No good evidence from the famous Milgram experiment that 65% of people will inflict pain if ordered to. Experiment was riddled with researcher degrees of freedom, going off-script, implausible agreement between very different treatments, and “only half of the people who undertook the experiment fully believed it was real and of those, 66% disobeyed the experimenter.”

  • Original paper: Behavioral Study of obedience, Milgram 1963. n=40 (~6600 citations). (The full range of conditions was n=740.)
  • Critiques: Burger 2011, Perry 2012, Brannigan 2013; Griggs 2016 (total citations: ~240).
  • Original effect size: 65% of subjects said to administer maximum, dangerous voltage.
  • Replication effect size: Doliński 2017 is relatively careful, n=80, and found comparable effects to Milgram. Burger (n=70) also finds similar levels of compliance to Milgram, but the level didn’t scale with the strength of the experimenter prods (see Table 5: the only real order among the prompts led to universal disobedience), so whatever was going on, it’s not obedience. One selection of follow-up studies found average compliance of 63%, but suffer from the usual publication bias and tiny samples. (Selection was by a student of Milgram.) The most you can say is that there’s weak evidence for compliance, rather than obedience. (“Milgram’s interpretation of his findings has been largely rejected.")

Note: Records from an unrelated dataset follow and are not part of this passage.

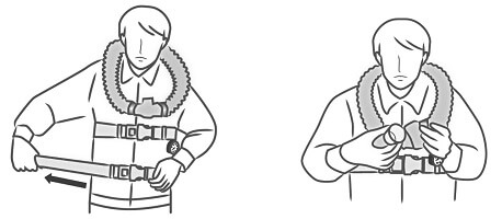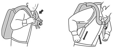⑦二又管と面体を接続し、面体のつりひもを首にかけます。
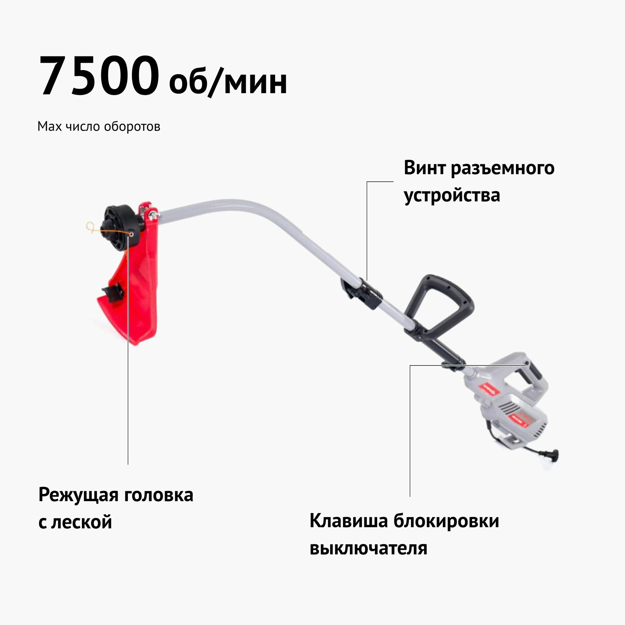 Электрокоса -1 шт.Руководство по эксплуатации и Инструкция по безопасности -1 шт.Гарантийный талон -1 шт.Вспомогательная D-образная рукоятка -1 шт.Головка режущая с леской -1 шт.Кожух защитный -1 шт.Ремень плечевой -1 шт.Набор инструмента для сборки и обслуживания -1 шт.Упаковка картонная -1 шт.
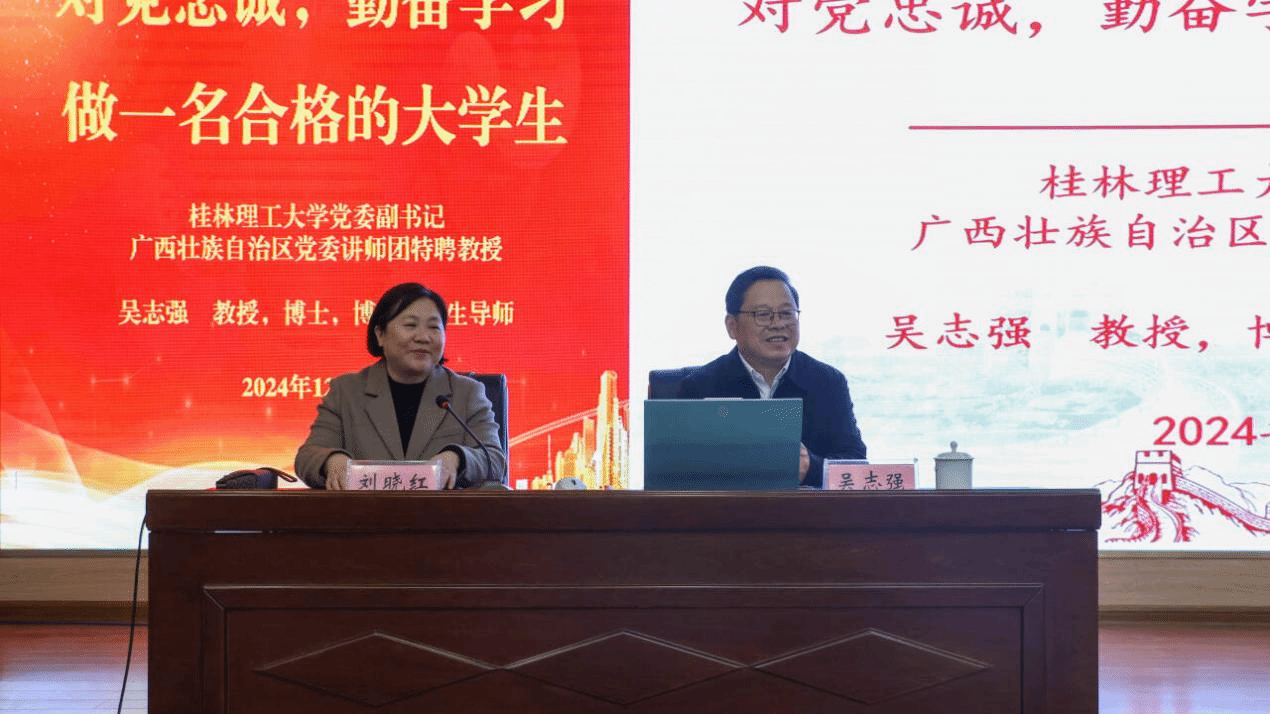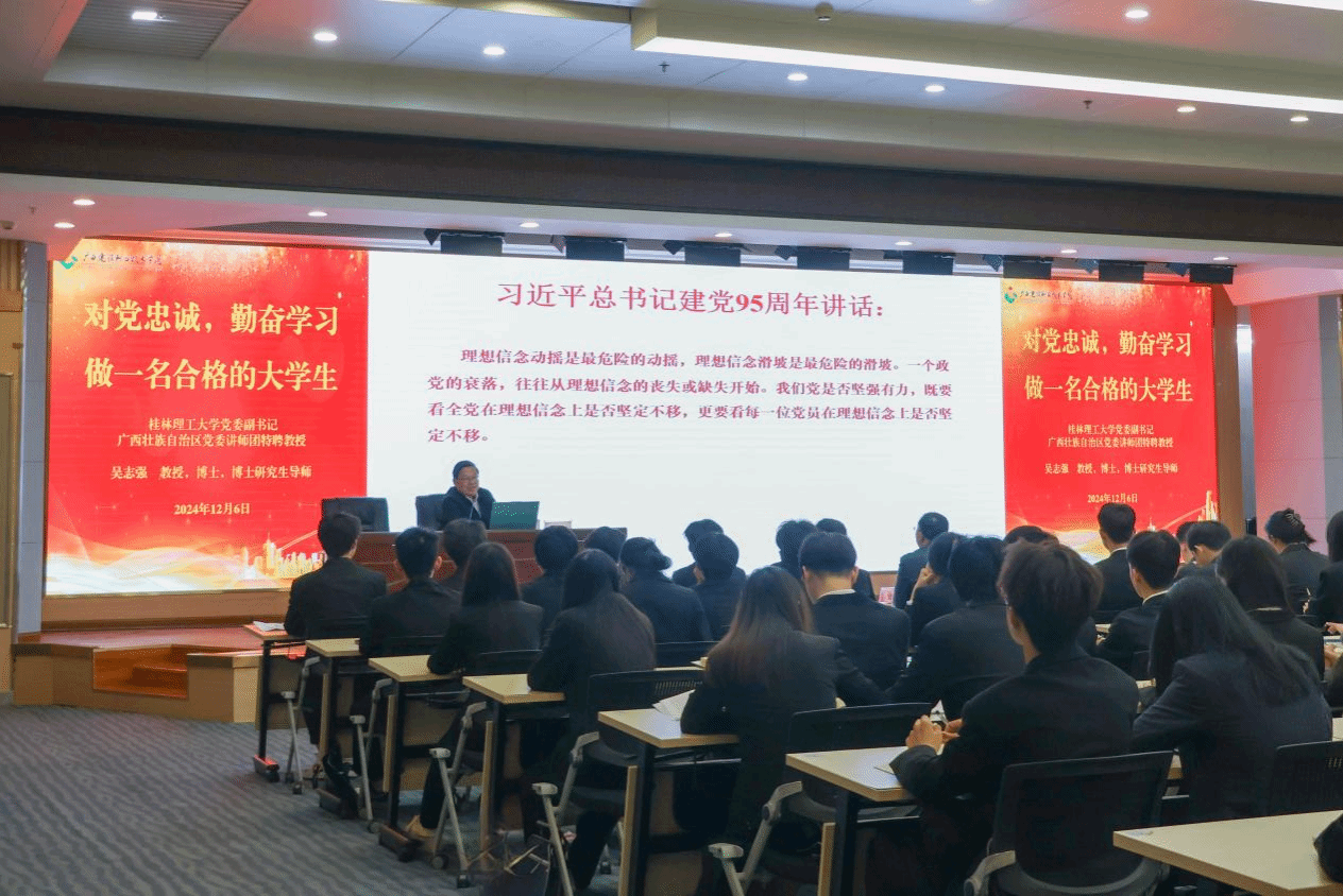 【青年新媒体中心报道】(团委 文/宋丽 谢湘宜 图/陈乃锦 李强)12月6日下午,桂林理工大学党委副书记吴志强教授在四教二楼报告厅为伟德国际官网“青马工程”骨干班学员讲授了一场主题为《对党忠诚,勤奋学习,做一名合格的大学生》的精彩讲座,学校党委书记刘晓红出席并主持讲座。党委学生工作部部长周舟,马克思主义学院党总支书记邱岚,团委书记曾小贵,以及校级“青马工程”骨干班全体学员参加讲座。

No good evidence that tribalism arises spontaneously following arbitrary groupings and scarcity, within weeks, and leads to inter-group violence . The “spontaneous” conflict among children at Robbers Cave was orchestrated by experimenters; tiny sample (maybe 70?); an exploratory study taken as inferential; no control group; there were really three experimental groups - that is, the experimenters had full power to set expectations and endorse deviance; results from their two other studies, with negative results, were not reported.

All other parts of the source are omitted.